**WORK TO COMPLETE**
Within the entries below, output exactly the lines between the line containing "Le complexe de bureaux IKAROS 2.0." and the line containing "当日は地元小学校3校のPTA", inclusive, and omit any picture.

**RECORDS FOR THIS EXERCISE**
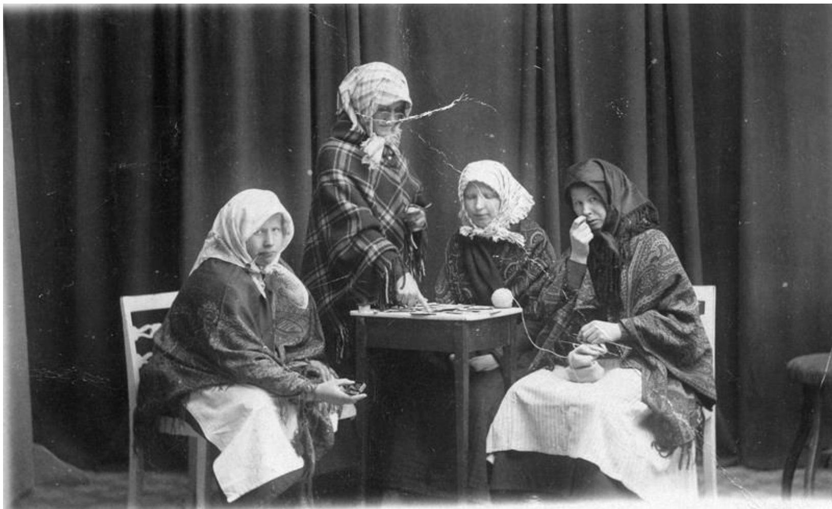
Ett skådespel från trakten. Okända skådespelare.
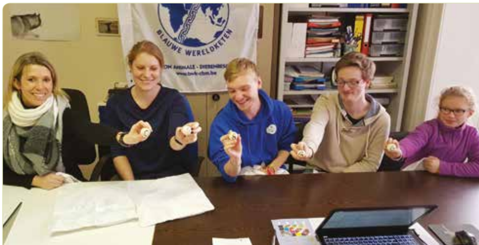
Het BWK-team trekt het winnend nummer van de hoofdprijs tombola 2017!

U mag heel binnenkort meer nieuws hieromtrent verwachten.
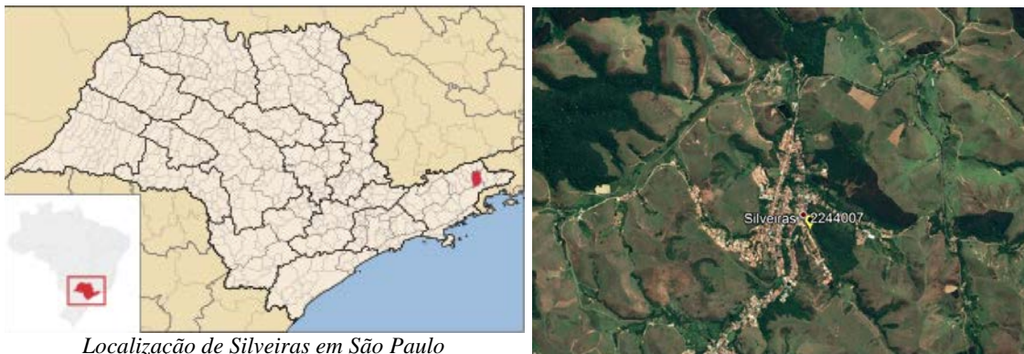
Localização de Silveiras em São Paulo

A localização do município e da estação de Silveiras é apresentada na Figura 01.
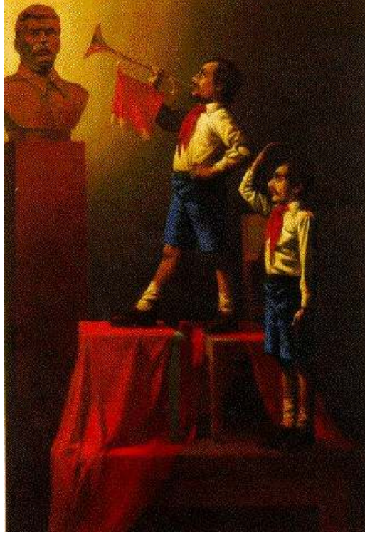
Fig. 7 Vitaly Komar ve Aleksandr Melamid, "Genç Öncüler olarak Çift Otoportre", 182 x 127 cm, Tuval üzerine yağlı boya, 1982-83, Martin Sklahttp'in koleksiyonu

Eserlerini kolektif üreten Vitaly Komar ve Alexander Melamid adlı iki Rus, ülkelerinde iken genç birer muhalif, ülke dışına kaçtıklarında ise Postmodernizm'in neredeyse sözcüsü haline gelmiş iki ilginç sanatçıdır. İki sanatçı çalışmalarına, 1965 yılında batılı Pop Art'ın Sovyet versiyonunu uygulayarak başlamışlardır. Bundan sonra birçok uluslararası sergi yapmış, 1978'den itibaren ABD'de yaşamaya başlamışlardır. Sovyet Rusya'dayken, rejime muhalif olan sanatçılar, sosyalist realizmi dönüştürdükleri form yüzünden "Çileden çıkaran muhalifler" olarak anılmışlardır. Bu yönde çalışan ikili, 1972'den beri tek bir kişiymiş gibi üretim yapmıştır. Eserlerinin içerik zenginliği ve özgünlüğü, iki yaratıcı beynin katkısını yansıtır.
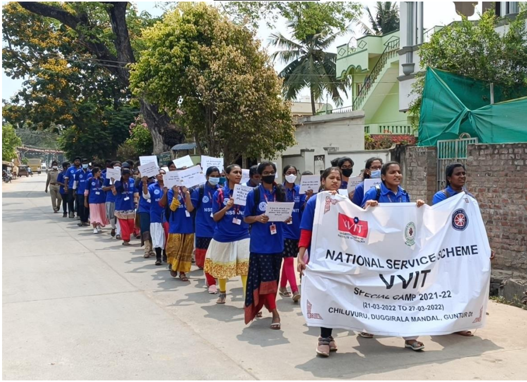
Pic: Rally with slogans
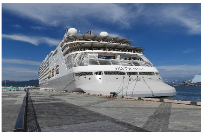
モナコ(運営)の船は船尾も曲線が奇麗でオシャレ
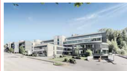
Le complexe de bureaux IKAROS 2.0.

Au sein du complexe de bureaux IKAROS 2.0 , l'État luxembourgeois vient de louer une superficie d' environ 17.000 m² répartie sur les 2 bâtiments Artemis et Apollo.
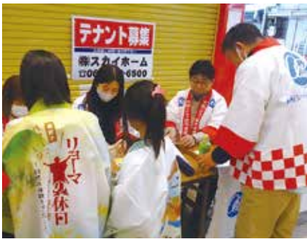
売上金の入金に対応する当金庫職員

当日は地元小学校3校のPTAが中心となって募集した小学生30人が4チームに分かれて、当金庫が協力を要請して仕入れた4県（群馬県、福井県、高知県、岡山県）の特産品の中から自分たちで選んだ品を販売し、売り上げや販売の早さを競いました。当金庫も模擬金融機関を出店し、売上金の入金や両替などを体験してもらいました。
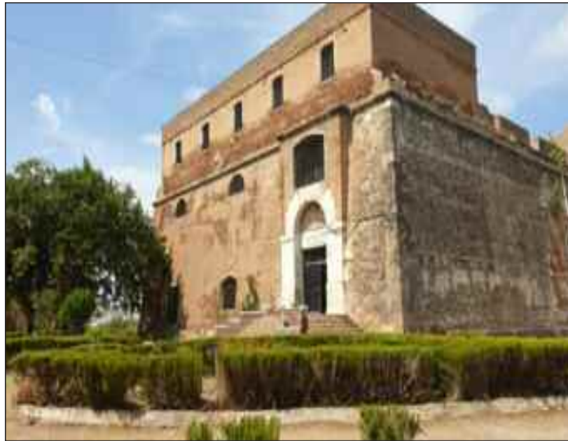
Bab El Bounoud), la Porte Sarrazine, le Fort de Gouraya, Bordj Moussa, ainsi que le plan de sauvegarde de la vieille ville. Il a ajouté que des infrastructures culturelles comme le théâtre régional "Abdelmalek Bouguerrouh", la

M. Reghal a précisé que ces interventions ont visé plusieurs lieux emblématiques : la citadelle de la Casbah, Bab El Fouka (aussi nommé
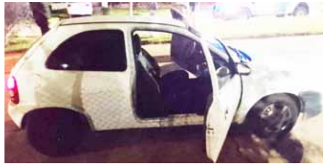
El Corsa que se llevaron y dejaron abandonado.

En forma inmediata, el personal policial realizó por el lugar patrullaje en móviles y caminando a los fines de interceptarlos y lograron atrapar a dos de los tres jóvenes que circulaban en el auto. Minutos después la pro-

**RESULT BELOW**
Le complexe de bureaux IKAROS 2.0.

Au sein du complexe de bureaux IKAROS 2.0 , l'État luxembourgeois vient de louer une superficie d' environ 17.000 m² répartie sur les 2 bâtiments Artemis et Apollo.
売上金の入金に対応する当金庫職員

当日は地元小学校3校のPTAが中心となって募集した小学生30人が4チームに分かれて、当金庫が協力を要請して仕入れた4県（群馬県、福井県、高知県、岡山県）の特産品の中から自分たちで選んだ品を販売し、売り上げや販売の早さを競いました。当金庫も模擬金融機関を出店し、売上金の入金や両替などを体験してもらいました。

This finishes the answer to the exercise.